**Assignment:** What you return should be the lines from the one with "وأما إذا اكترى" through the one with "Лента атласная –" in the data below, reproduced exactly with both ends, and no pictures at all.

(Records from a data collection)
++++

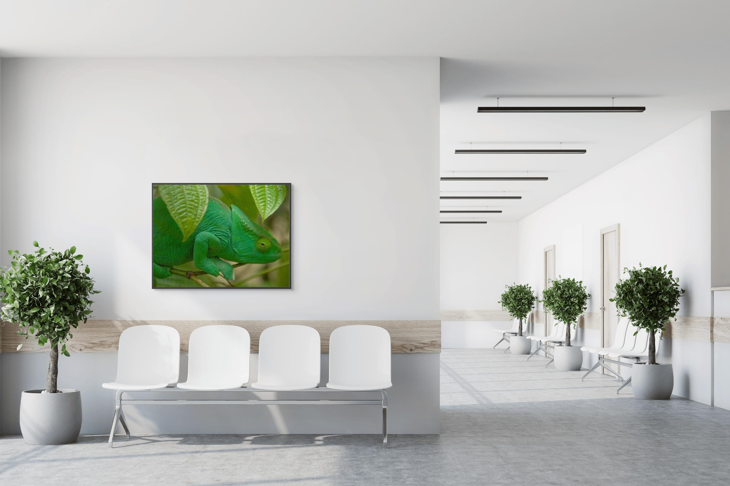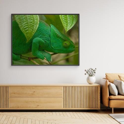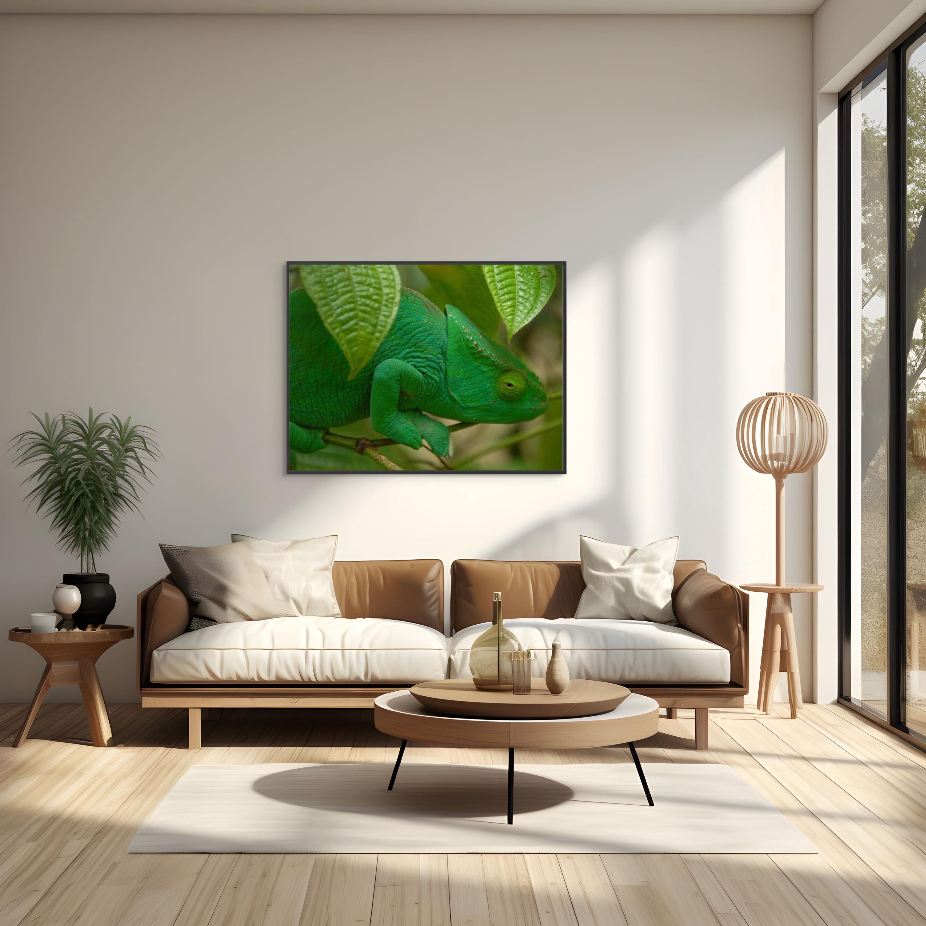 A striking close-up photograph of a Madagascar chameleon, captured in natural light and reproduced as a high-quality wall art print.
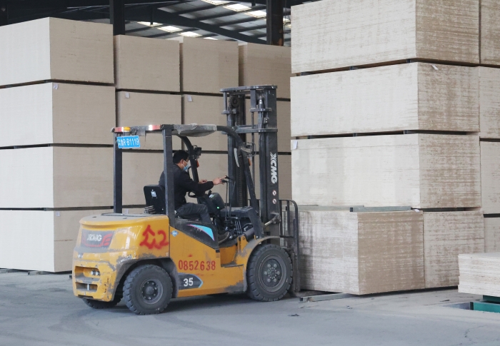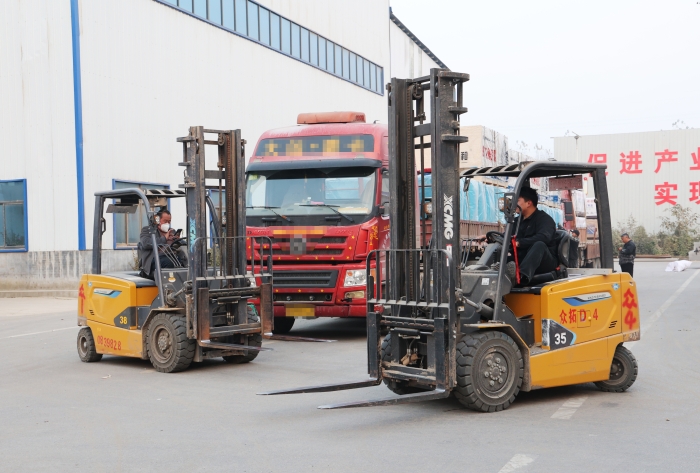 在山東菏澤某大型板材廠內(nèi),二十余臺(tái)徐工鯤鵬叉車、新E叉車組成的"黃金戰(zhàn)隊(duì)",以高效穩(wěn)定的作業(yè)表
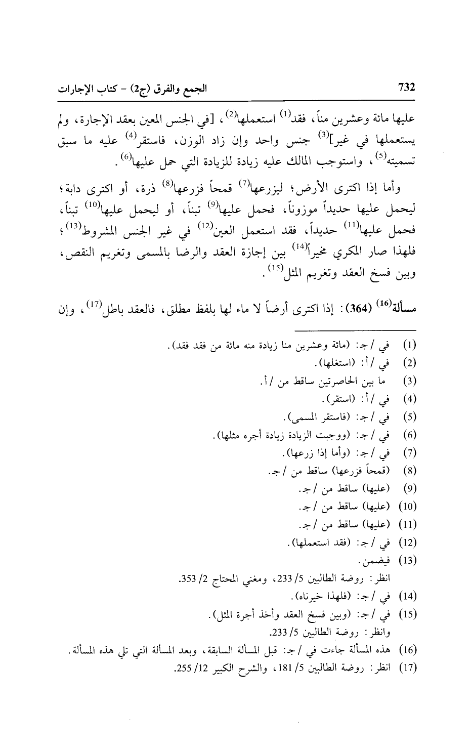 وأما إذا اكترى الأرض؛ قمحآ فزرعها ذرة, أو اكترى دابة؛ ليحمل عليها حديدا موزونا, فحمل عليها تبنآ, أو ليحمل عليها تبنآ, فحمل عليها حديدا, فقد استعمل العين في غير الجنس المشروط؛ فلهذا صار المكري مخيرآ بين إجازة العقد والرضا بالمسمى وتغريم النقص, وبين فسخ العقد وتغريم المثل.
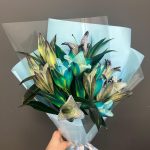 Лента атласная – 2 шт.Упаковка корейская пленка – 2 шт.лилия крашенная – 9 шт.
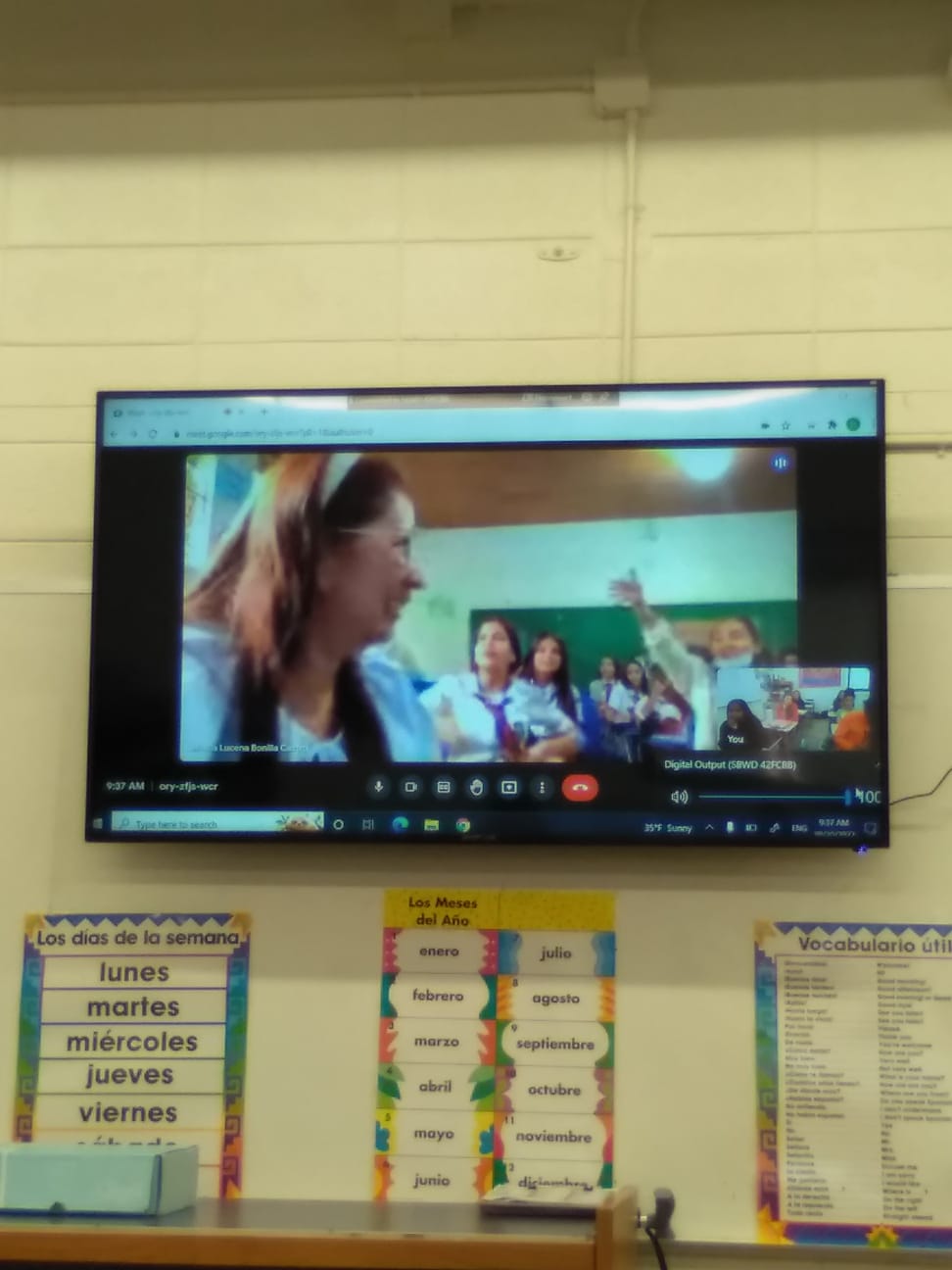 Esto gracias a los docentes Mirella Bonilla, Gleiber Martinez y Jose Alexander Arcila, en Colombia y Richard Iglesias y Suzanne Baum, en EE.UU., quienes coordinan encuentros virtuales en los que se comparten aspectos culturales propios de ambos países por medio de la práctica y uso de la lengua extranjera que se está aprendiendo en cada escuela y país respectivamente.

++++

**Your response:**
 وأما إذا اكترى الأرض؛ قمحآ فزرعها ذرة, أو اكترى دابة؛ ليحمل عليها حديدا موزونا, فحمل عليها تبنآ, أو ليحمل عليها تبنآ, فحمل عليها حديدا, فقد استعمل العين في غير الجنس المشروط؛ فلهذا صار المكري مخيرآ بين إجازة العقد والرضا بالمسمى وتغريم النقص, وبين فسخ العقد وتغريم المثل.
 Лента атласная – 2 шт.Упаковка корейская пленка – 2 шт.лилия крашенная – 9 шт.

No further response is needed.